So, I went on a trip. A sudden, what-the-hell, throw caution to the wind kind of trip. Kind of. I had a few requests to visit one of my company's vendors and after a very small amount of discussion I was told I could go. Omar had also been putting increasing pressure on me to at least visit the area. I had been telling him how I was becoming more and more unhappy with our situation and he and his girlfriend broke up over Christmas so he now is pining for the kids more than ever.
I called Omar one night and said, "I know we've got a lot of history, but if I'm coming out there, I need you to show me around. We're going to have to be friends." "Oh yeah, sure, of course, I'd do anything to get you and the kids out here," he replied. I then went ahead and booked the ticket.
Upon arrival on Wednesday afternoon, Omar told me he would be flying out at 4:00 am the following morning for a party that he was attending in Dallas for the weekend. It took a bit for this to sink in. What happened to doing anything to get me to move and showing me around? As I considered this, apart from my meetings on Thursday and Friday, I had 6 whole days to fill in a strange city. Yeah, I know, this sounds blissful in a city like San Francisco, but I don't know if I would find enough to keep me occupied - alone - at Disney for that long. In other words, that's a long time to be completely by yourself.

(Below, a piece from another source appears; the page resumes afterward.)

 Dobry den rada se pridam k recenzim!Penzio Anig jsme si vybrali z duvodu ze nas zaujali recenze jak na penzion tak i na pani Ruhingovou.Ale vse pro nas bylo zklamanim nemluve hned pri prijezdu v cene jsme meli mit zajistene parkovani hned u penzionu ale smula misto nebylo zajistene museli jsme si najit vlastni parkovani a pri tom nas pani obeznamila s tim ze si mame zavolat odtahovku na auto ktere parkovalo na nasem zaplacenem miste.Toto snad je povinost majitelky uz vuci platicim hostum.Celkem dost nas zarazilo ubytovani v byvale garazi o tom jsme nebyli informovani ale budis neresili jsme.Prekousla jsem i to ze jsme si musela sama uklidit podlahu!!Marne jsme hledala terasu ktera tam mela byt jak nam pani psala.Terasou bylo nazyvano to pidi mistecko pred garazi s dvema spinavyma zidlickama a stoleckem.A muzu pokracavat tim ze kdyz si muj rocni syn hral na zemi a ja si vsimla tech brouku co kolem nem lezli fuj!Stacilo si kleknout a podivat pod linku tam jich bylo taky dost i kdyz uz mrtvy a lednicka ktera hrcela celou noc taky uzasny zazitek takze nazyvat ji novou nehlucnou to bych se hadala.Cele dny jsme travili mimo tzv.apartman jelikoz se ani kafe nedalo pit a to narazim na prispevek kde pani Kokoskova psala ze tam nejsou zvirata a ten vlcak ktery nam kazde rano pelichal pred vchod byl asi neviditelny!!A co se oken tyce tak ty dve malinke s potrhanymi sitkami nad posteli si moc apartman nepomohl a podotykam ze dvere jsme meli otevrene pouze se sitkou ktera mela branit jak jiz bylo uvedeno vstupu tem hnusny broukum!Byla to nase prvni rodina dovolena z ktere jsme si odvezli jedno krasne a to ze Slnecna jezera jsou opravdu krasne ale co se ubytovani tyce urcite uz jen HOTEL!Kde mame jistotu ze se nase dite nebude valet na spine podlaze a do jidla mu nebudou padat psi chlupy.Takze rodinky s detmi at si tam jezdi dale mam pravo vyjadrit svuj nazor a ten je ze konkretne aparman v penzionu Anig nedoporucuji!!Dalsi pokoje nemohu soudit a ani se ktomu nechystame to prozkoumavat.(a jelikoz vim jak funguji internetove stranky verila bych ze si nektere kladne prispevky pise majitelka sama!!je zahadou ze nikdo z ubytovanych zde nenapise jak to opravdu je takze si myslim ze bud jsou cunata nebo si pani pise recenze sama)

I spent a lot of time wandering around the city with two laptops in my backpack. My collar bones are still bruised from the straps! My meetings were spaced out enough that I often had hours to kill. I work remotely anyway, so I was able to actually do my job too, but I was dependent on WiFi and a place to sit. There were times when I felt like just holing up and not doing anything because of my shyness, but I forced myself out. I went to Fisherman's Wharf, Alcatraz, the Museum of Modern Art, ferries, and shopping districts. Some days I was depressed, other days I reveled in the freedom. I walked for miles and miles, often waking up the next morning with sore muscles. I was in bed by 9:00 and up by 5:00 each day.

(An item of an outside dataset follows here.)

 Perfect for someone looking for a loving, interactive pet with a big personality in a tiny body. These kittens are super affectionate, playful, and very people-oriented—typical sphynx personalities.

By the time Omar returned, I was ready to talk to someone - anyone. I picked him up from the airport and we actually had our first full conversation in 5 years. He admitted a lot of things to me that were eye opening and I found myself just as guarded as ever. Sometimes I think I have made great strides in my trust issues and in just relating to people in general, but then things like this happen. I guess I can't fault myself on this one, and really, at the end of it all, he really hasn't changed either.
I have been feeling isolated and stagnant of late and I know that nothing is going to change if I don't make some major adjustments. I started to open a few doors here in MN again that, although I knew that they weren't the best doors to open, they were easy things that would give me the changes that I so, so need. But sometimes going easy isn't the right way to go.
I can't say that I've made any decisions. I'm still wondering if I'm actually brave enough to go. Omar proved to me that I still can't really rely on him for friendship or help. So, if I go, I'm on my own.
Looks like I've got a lot of thinking to do... Does anyone have a crystal ball?